[Items listed in a dataset]
--------------------------------

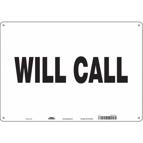 Safety Sign, Horizontal Rectangle, Number of Printed Sides 1, English, Sign Legend Will Call, Sign Legend Background Color White, Sign Legend Style Text
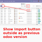 This Odoo app help us to Show Import button outside as like previous odoo version which is currently under favorites option.
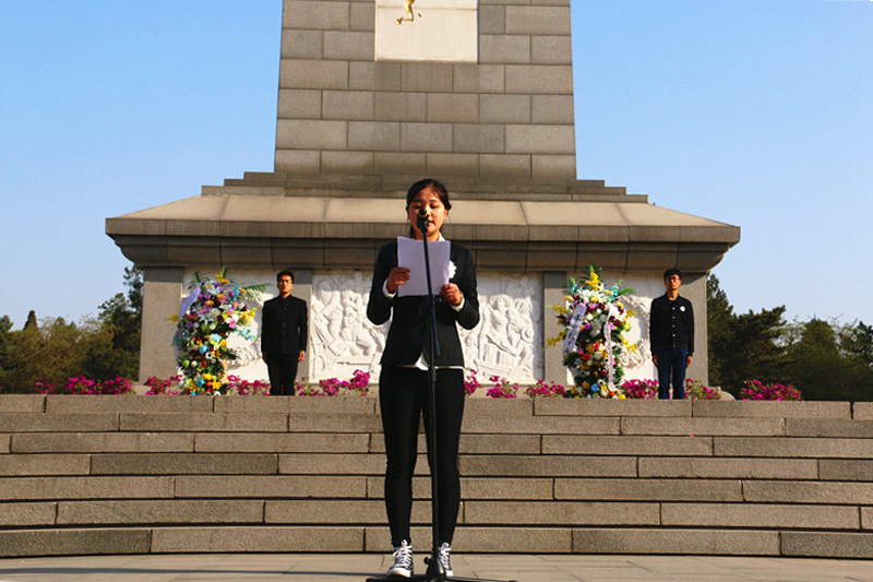 公祭仪式上,我系两名学生党员代表向烈士纪念碑敬献花圈,学生代表高嘉雯致公祭词;公祭仪式结束后,100余名师生党员祭扫烈士墓区,献上亲手制作的小白花,并集体向英雄墓碑行鞠躬礼。
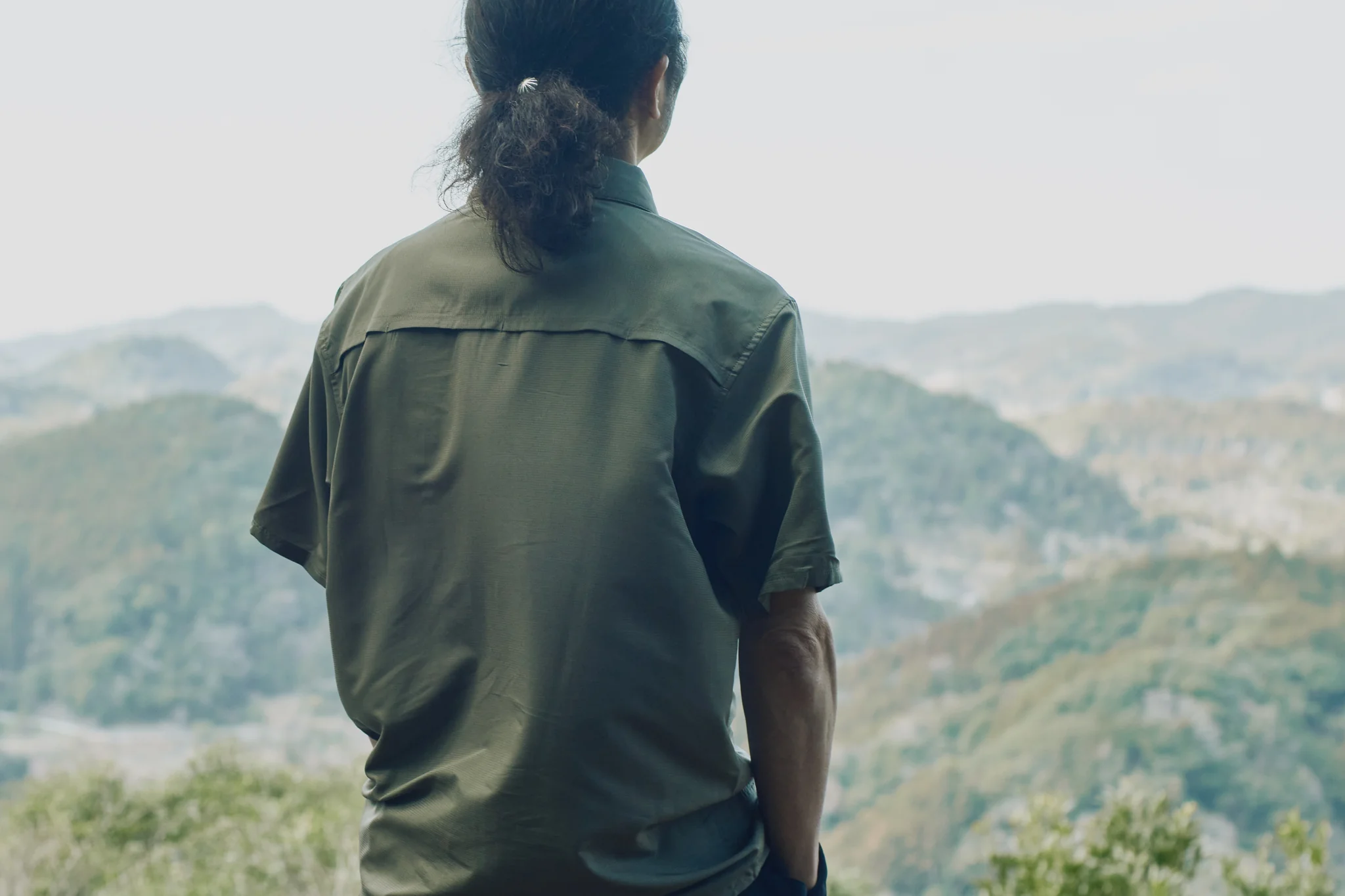 「マウンテンハードウェアのキャニオンシャツといったら、僕の中では名作中の名作です。2000年代の初期から愛用しているシリーズですね。とくに背面のベンチレーションの付け方が良い。さりげなくてデザイン的に目立たないところも好みです。今回のカラーは、僕が今でも持っている2000年頃のカラーリングっぽいですよね。ワッペンとかでカスタムしてもアメリカっぽくて良いかも」
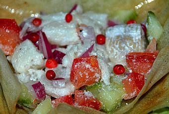 Mélanger les légumes au poisson. Disposer le tout dans les corolles en brick. Parsemer de baies roses et servir avec de la salade
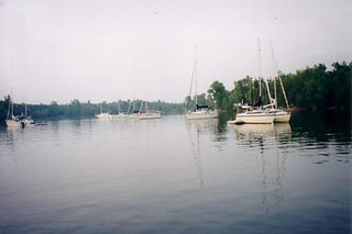 Boats were launched all weekend from Malletts Bay and Willsboro Bay. By Sunday evening the majority were at the first 'official' anchorage of the trip at Butterfly Bay on Valcour Island. A 2-day plan was made during the Monday morning captain's meeting to take advantage of the usual south wind for the trip to Deep Bay 15 miles north on the New York side and then over to Burton Island for Tuesday night.
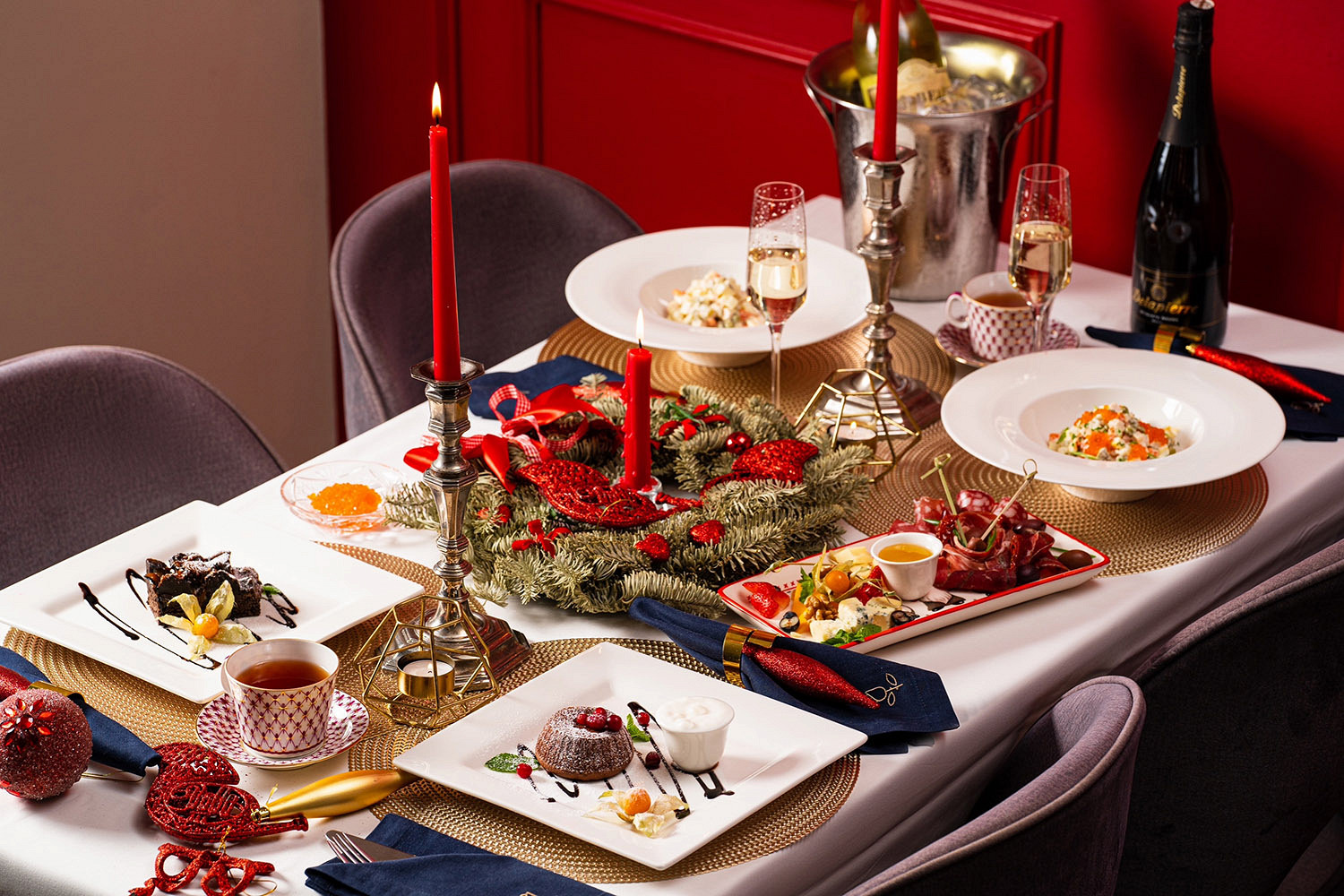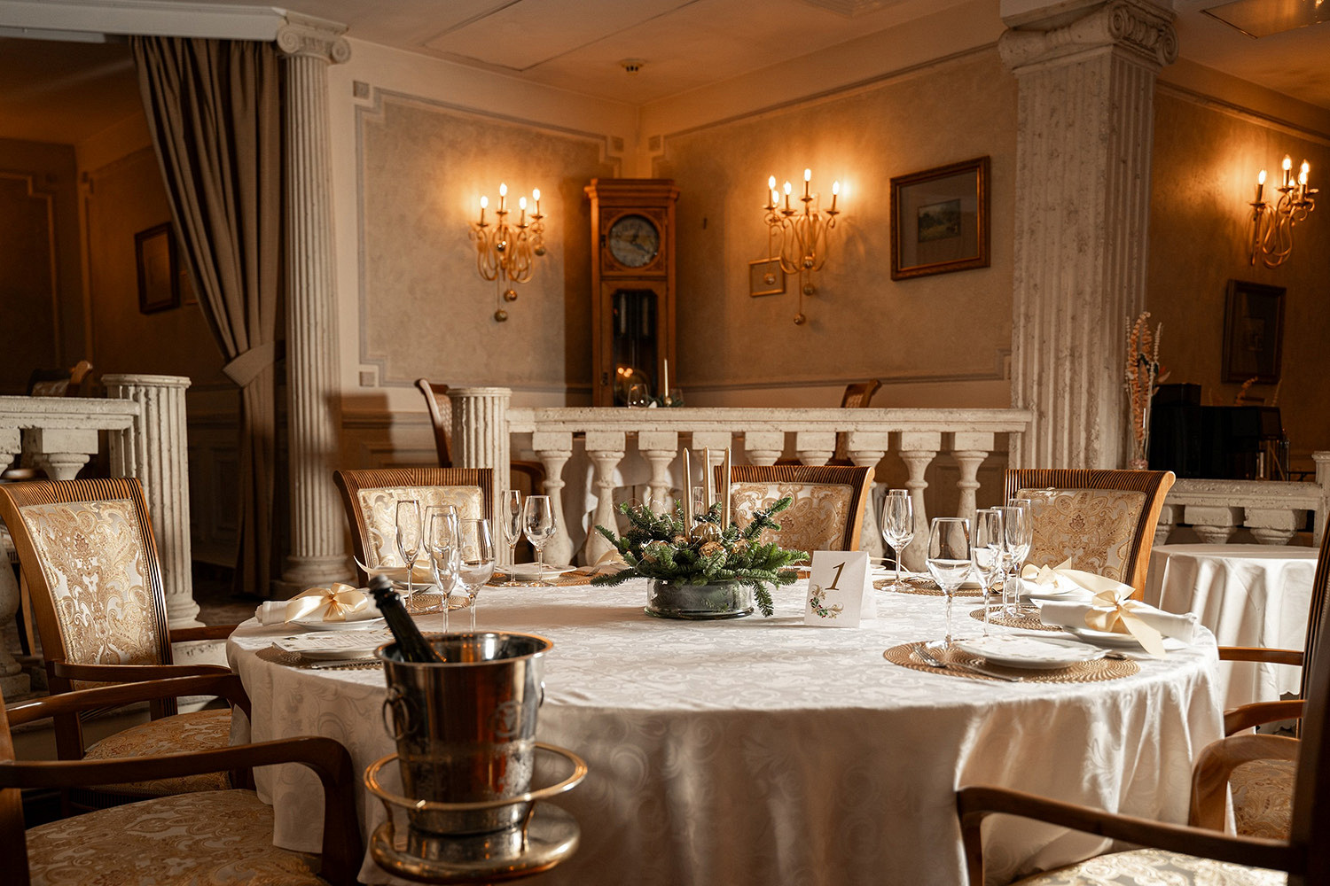 Встреча Нового года за спокойным ужином в теплой атмосфере старинного особняка с камином. Шеф-повар представит авторское сет-меню, созданное под вдохновением от зимнего Петербурга. Ноту тихого семейного волшебства добавит поздравление от Деда Мороза.
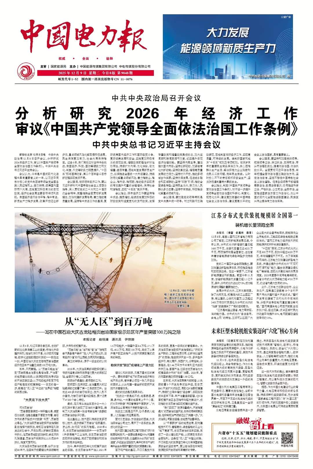 论坛聚焦巨型水轮发电机组发展方向,紧扣数智技术融合、核心技术攻关等行业关键命题,搭建政产学研深度融合的高端交流平台,为未来巨型水轮机组智能化、绿色化和低碳化提供研究方向和攻关思路,共话行业创新发展的新未来。(2025年12月10日 04版)
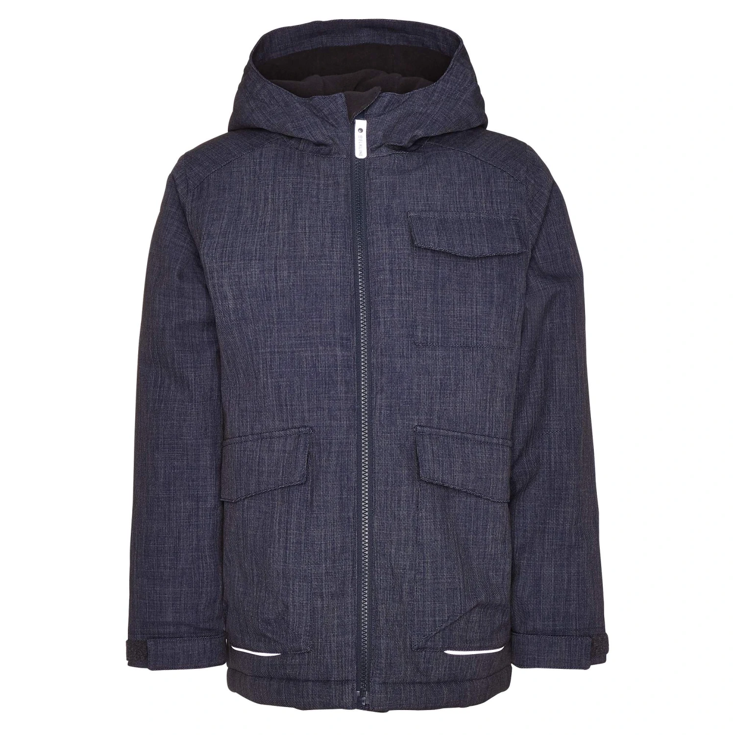 Die Jacke in cooler Jeans-Optik kann mit einer Wassersäule von 10.000 mm aufwarten und trotzt damit auch dem hartnäckigstem Schietwetter. Dabei ist das Material so atmungsaktiv, dass die kleinen Rabauken auch beim wilden Toben ein angenehmes Klima in der Jacke haben. Die recycelte Kunstfaser-Isolierung sorgt für angenehme Wärme an kalten Wintertagen – damit ist Zähneklappern in dieser Jacke eine echte Herausforderung! Durch das glatte, weiche Innenmaterial lässt sich die Jacke problemlos über raue Fleece– oder Wollpullover ziehen.

--------------------------------

#### How to complete this task:
Write out word for word the lines above that run from the one with "公祭仪式上,我系两名学生党员" to the one with "Mélanger les légumes". Include both end lines; exclude the images.

#### Task response:
 公祭仪式上,我系两名学生党员代表向烈士纪念碑敬献花圈,学生代表高嘉雯致公祭词;公祭仪式结束后,100余名师生党员祭扫烈士墓区,献上亲手制作的小白花,并集体向英雄墓碑行鞠躬礼。
 「マウンテンハードウェアのキャニオンシャツといったら、僕の中では名作中の名作です。2000年代の初期から愛用しているシリーズですね。とくに背面のベンチレーションの付け方が良い。さりげなくてデザイン的に目立たないところも好みです。今回のカラーは、僕が今でも持っている2000年頃のカラーリングっぽいですよね。ワッペンとかでカスタムしてもアメリカっぽくて良いかも」
 Mélanger les légumes au poisson. Disposer le tout dans les corolles en brick. Parsemer de baies roses et servir avec de la salade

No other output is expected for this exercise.